(Dataset content)
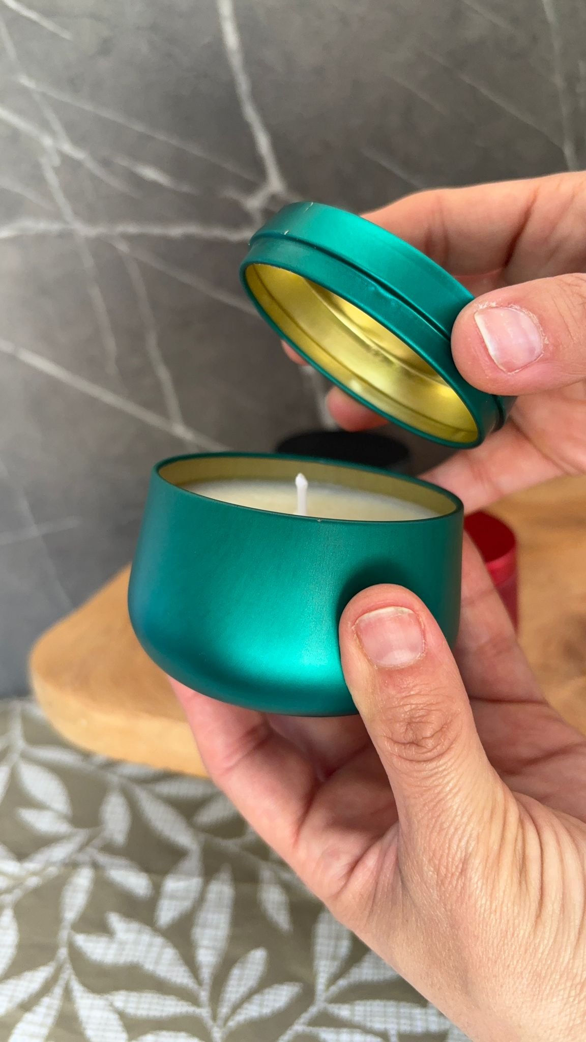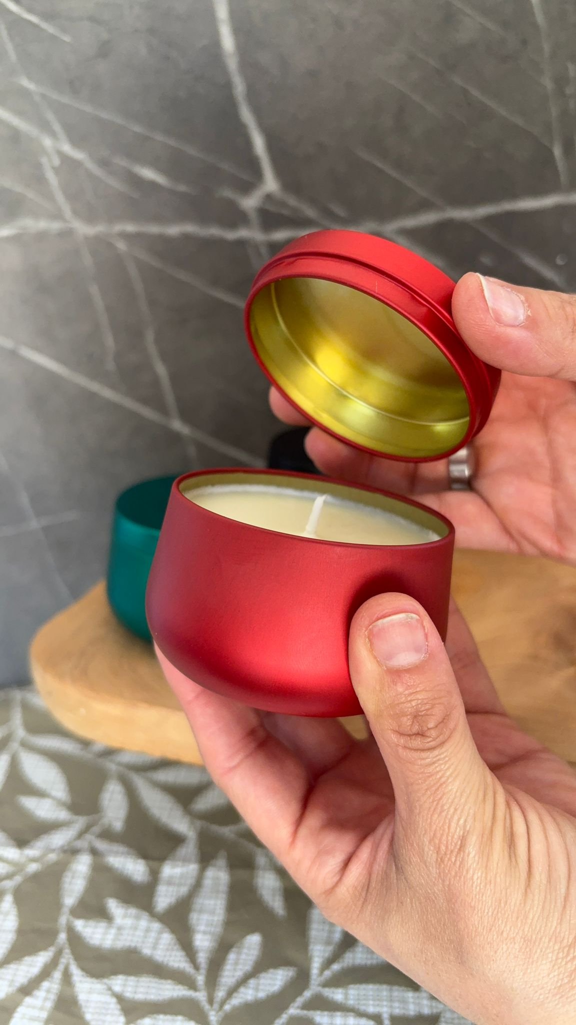 Modernas, vibrantes y llenas de personalidad. Nuestras velas en latas metalizadas —en tonos negro, verde y rojo— combinan diseño y aroma para crear una experiencia sensorial única. Hechas con cera de soja natural y perfumes cuidadosamente seleccionados, iluminan cualquier espacio con estilo y calidez. Ideales para regalar o sumar un toque de color y energía a tu rincón favorito.
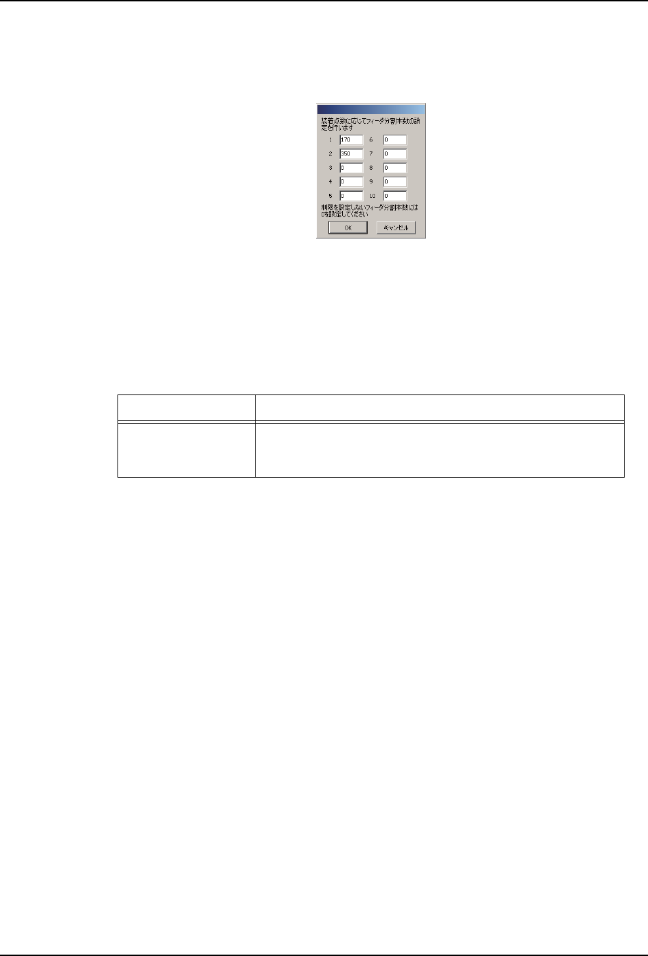 · 请将要设定限制供料器分割数量的贴装点数在要限制的数量的地方输入 "0"。
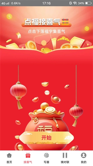 4、点击开始,一起来接福气,看大家能够接多少福气,一起欢乐的沉浸其中;
(End Dataset content)
* _What to do_: Return the listing verbatim; pictures are not part of the copy.

* _Solution for this task_:
 Modernas, vibrantes y llenas de personalidad. Nuestras velas en latas metalizadas —en tonos negro, verde y rojo— combinan diseño y aroma para crear una experiencia sensorial única. Hechas con cera de soja natural y perfumes cuidadosamente seleccionados, iluminan cualquier espacio con estilo y calidez. Ideales para regalar o sumar un toque de color y energía a tu rincón favorito.
 · 请将要设定限制供料器分割数量的贴装点数在要限制的数量的地方输入 "0"。
 4、点击开始,一起来接福气,看大家能够接多少福气,一起欢乐的沉浸其中;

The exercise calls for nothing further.